Houjicha


$ 5.00




Houjicha is a popular Japanese green tea. The dark color is due to the roasting process, which smooths out the bitterness and brings out beautiful aromatic, savory and smoky flavors.

Most houjicha is crafted from lower grade, autumn harvest leaves. However, this tea from the Kinezuka Family is crafted from Spring leaves, harvested in May. These young, tender leaves yield a stronger, more robust flavor and the tea lasts for many more infusions.

The roasting process is said to reduce the amount of caffeine to levels less than decaffeinated tea, but I’m not sure why that would be so I will reserve an opinion until I see some science behind the claim. That being said, the sweetness and lower caffeine content makes it popular for children and evening tea in Japan, so there might be something to it. It is also very easy to brew. The Japanese often drink it hot in the winter and cold in the summer.

This wonderful tea is from the small, completely organic Kinezuka farm in Shizuoka. Their natural growing practices are an anomaly in the midst of Japan’s typically heavy use of chemicals in their industrialized tea industry.

Provenance:

  • Origin: Nakayama Village in Fujieda, Shizuoka, Japan
  • Elevation: 350m (1150ft)
  • Grower/Teamaster: Kinezuka Family
  • Harvest Date: Spring 2015
  • Roast Date: Autumn 2015
  • Cultivar: Yabukita
  • Cultivation: Natural (Organic, no cert.) Toshiaki Kinezuka started farming with all-natural methods back in 1976, so the farm has been grown with organic practices for 38 years.
  • History/Pedigree: popular for children and evening tea in Japan; often served hot in the winter and cold in the summer

Brewing Suggestions1:

  • Water: 170˚-190˚F
  • Tea: 2g per 4oz of water (about a level 1 TB2)
  • Infusion: 2 minutes for 2-3 infusions

Tasting Notes:

  • warm, sweet flavors with savory undertones are reminiscent of salted caramel

1 Brewing suggestions are just that. Try it the suggested way then experiment. In this case I suggest first experimenting with the temperature and infusion time. Different flavor profiles can be drawn out with temperature. The roast also allows this tea to stay in the water a long time, if that gives the desired flavors. Cold-brews great for iced tea! Some tea drinkers like to use slightly hotter and longer times for each subsequent infusion.

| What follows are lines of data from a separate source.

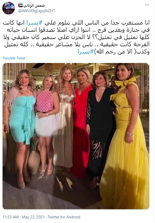 وكتب حساب أخر باسم شمس الزناتي:" انا مستغرب جدا من الناس اللي بتلوم علي يسرا انها كانت في جنازة وبعدين فرح.. أنتوا أزاي أصلا تصدقوا إنسان حياته كلها تمثيل في تمثيل؟؟ لا الحزن على سمير كان حقيقي ولا الفرحة كانت حقيقية.. ناس بلا مشاعر حقيقية.. كله تمثيل وكذب (الا من رحم الله)".
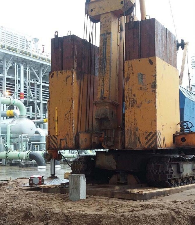 - Забивку железобетонных свай сваебойными установками с гидравлическими молотами Junttan 5-7 тонн.
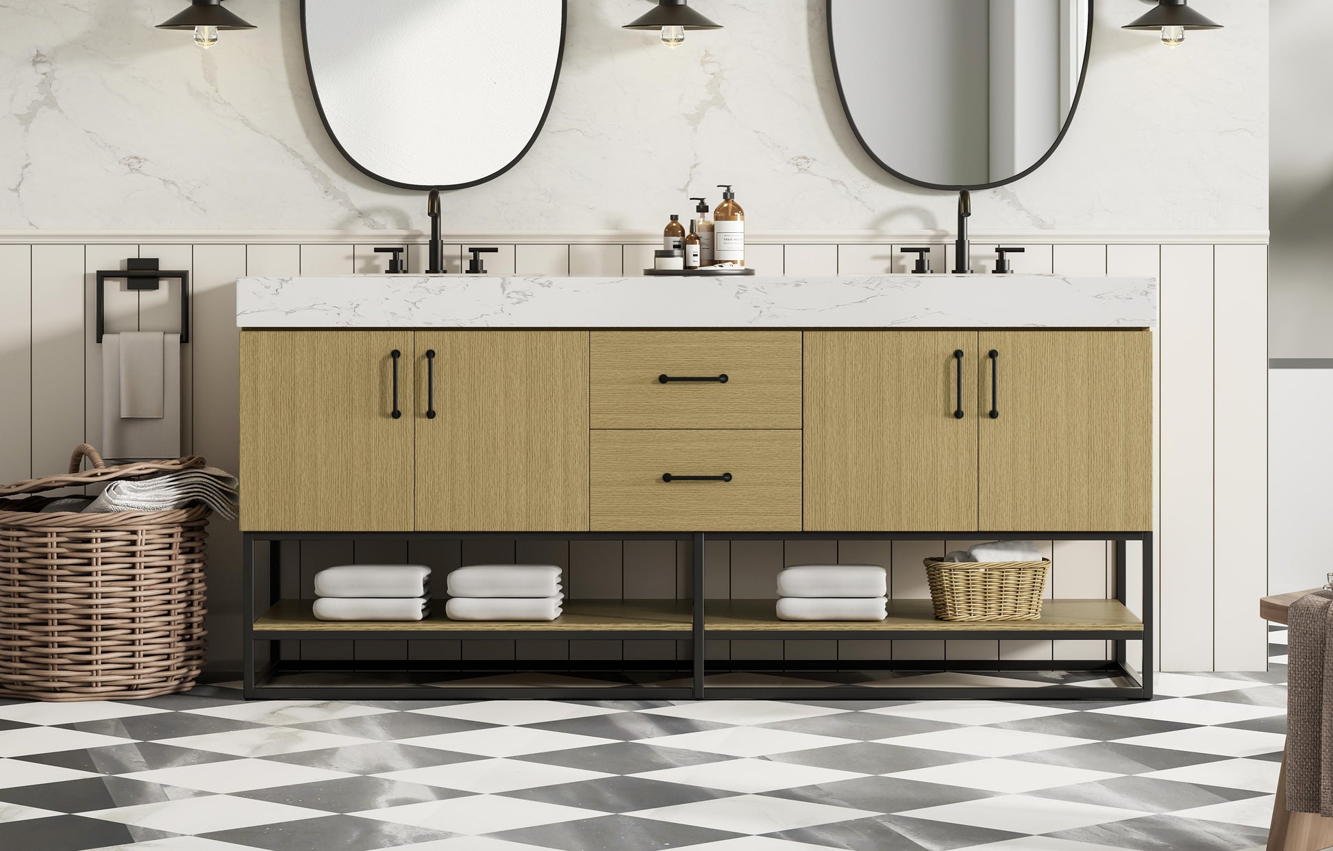 Upgrade your bathroom with this stylish transitional vanity, available in five stunning finishes, from crisp white to warm honey brown, designed to suit a variety of decor styles. The minimalist flat door panels and open wood shelf create a functional yet visually appealing storage solution, while the slender black metal legs elevate the look with modern sophistication. The 4-inch thick white engineered marble countertop, accented with natural veining, adds a luxurious touch, perfectly complemented by soft-closing doors with sleek black metal bar pulls. Thoughtful details like the concealed overflow, back panel cutout for plumbing, and 3 pre-drilled holes for an 8-inch faucet make installation easy and efficient. With a porcelain sink and farmhouse-inspired touches, this vanity brings both elegance and practicality to any bathroom setting.
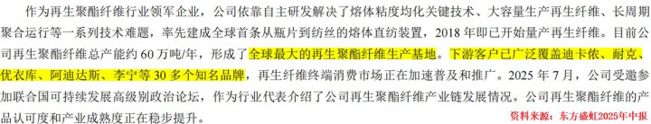 东方盛虹快东谈主一步,2018年就开动量产再生聚酯纤维,当今再生聚酯纤维年产能60万吨,坐拥民众最大的再生聚酯纤维分娩基地,隐蔽迪卡侬、耐克等国表里大客户。
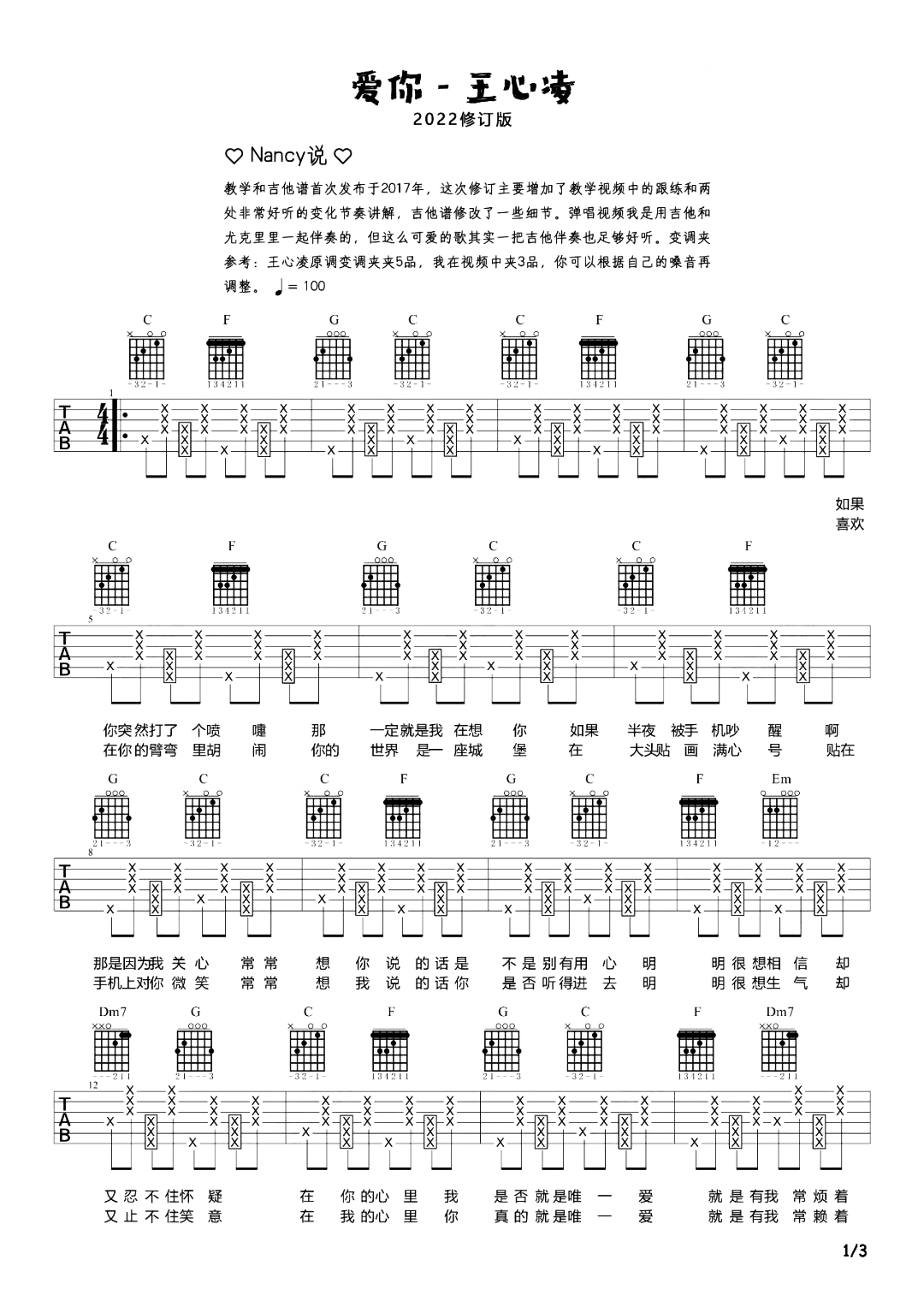 曲谱介绍: 《爱你》吉他弹唱教学 王心凌《爱你》吉他谱分享,一首歌曲可能占据了所有许多男人的心智,在2004年金曲涌现的年代,纯纯的甜味布满全曲,畅快的节奏似乎拨动了所有人的心弦,让人感受到了那种懵懂且没有杂质的“爱”的表白。 《爱你》吉他弹唱谱,2022年修订版,共有3张高清PNG六线谱图例,速度100拍每分钟,节奏4/4拍,全程拍弦节奏弹唱,难度初级较简单,随谱附弹唱演示+教学,稍后会全部更新。
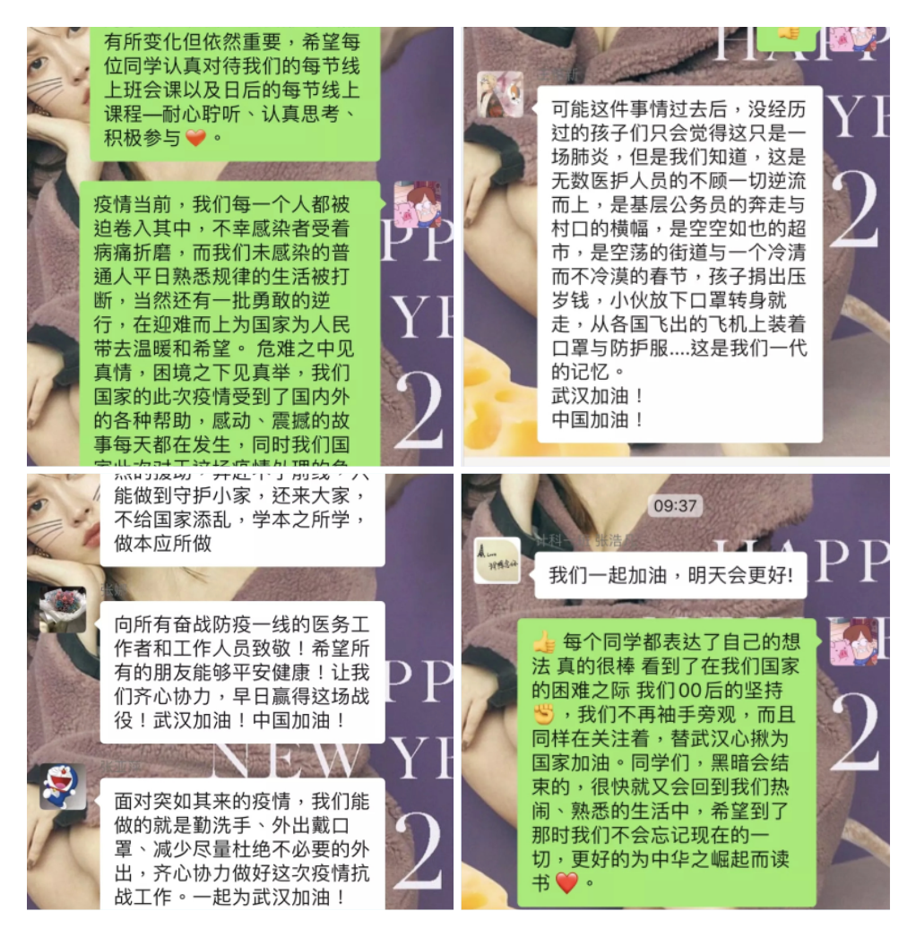 姚老师还为同学们分享几篇文章,她希望每个人都可以讲讲这场对“战役”见解。同学们表示,“疫情当下,我们做不了轰轰烈烈的援助,奔赴不了前线,只能做到守护小家,不给国家添乱,学本之所学,做本应所做”“向所有奋战防疫一线的医务工作者致敬!武汉加油!中国加油!”姚老师告诉同学们,黑暗终将会结束,很快就又会回到我们热闹、熟悉的生活中,希望到了那时我们不会忘记现在的一切,更好的为中华之崛起而读书。
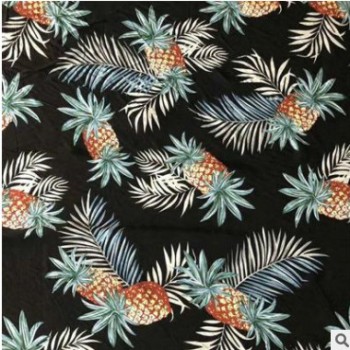 廠家批發現貨供應人棉印花菠蘿款面料女士服裝面料
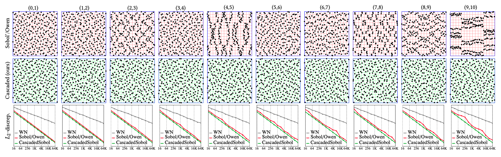Cascaded Sobol' Point Sets. For quasi-Monte Carlo integration problems, low discrepancy samplers, such as the Sobol' sequence with Owen scrambling [Owen 1998; Sobol' 1967], are widely used thanks to their ease of generating high-dimensional point sets. While being low discrepancy in high dimension, some projections may exhibit strong uniformity defects (illustrated here by consecutive 2-dimensional projections of an 11-dimensional point set in the first row). We propose a sampling strategy with perfect (0,m,2)−net properties (second row) for consecutive pairs of dimensions and optimized low discrepancy in high dimension, reducing errors in Monte Carlo rendering. The third row shows L2-discrepancies of first 10 consecutive 2-dimensional projections; (see paper Figure 7 for s-dimensional discrepancies).
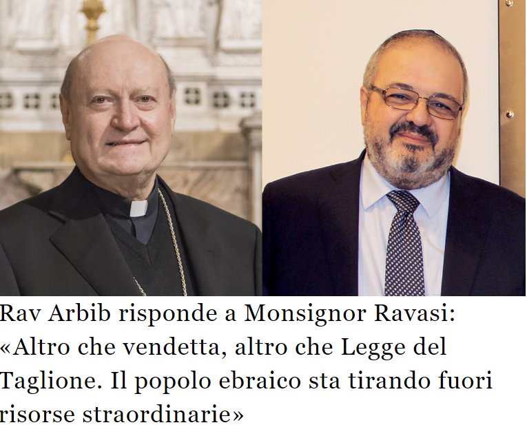 Rav Arbib risponde a Monsignor Ravasi: «Altro che vendetta, altro che Legge del Taglione. Il popolo ebraico sta tirando fuori risorse straordinarie»
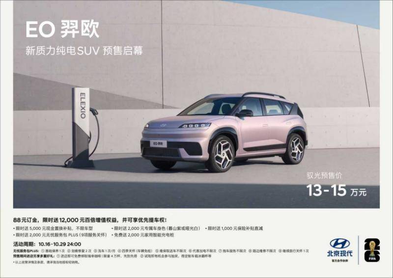 10月16日北京现代旗下首款纯电平台SUV——EO羿欧正式启动预售,新车驭光预售价13-15万元,定位"15万内品质最好的纯电SUV"。此次预售不仅标志着北京现代电动化转型的全面启动,更在竞争日趋白热化的纯电市场中,以"高品质、高价值"的产品理念开辟新的发展路径。

2 Weighing your tea is always the best way to control your dosage. I provide approximate volume measures for convenience but they can be problematic due to the variance in tea leaf shape and size. It’s best to use the single appropriate volume measure for the tea, i.e., don’t try to measure 1.5TB using two spoons meant to measure 1 TB and a ½ TB. Use an actual 1.5 TB measuring spoon. Yes, they make them! I like the oblong ones to handle longer leaf styles.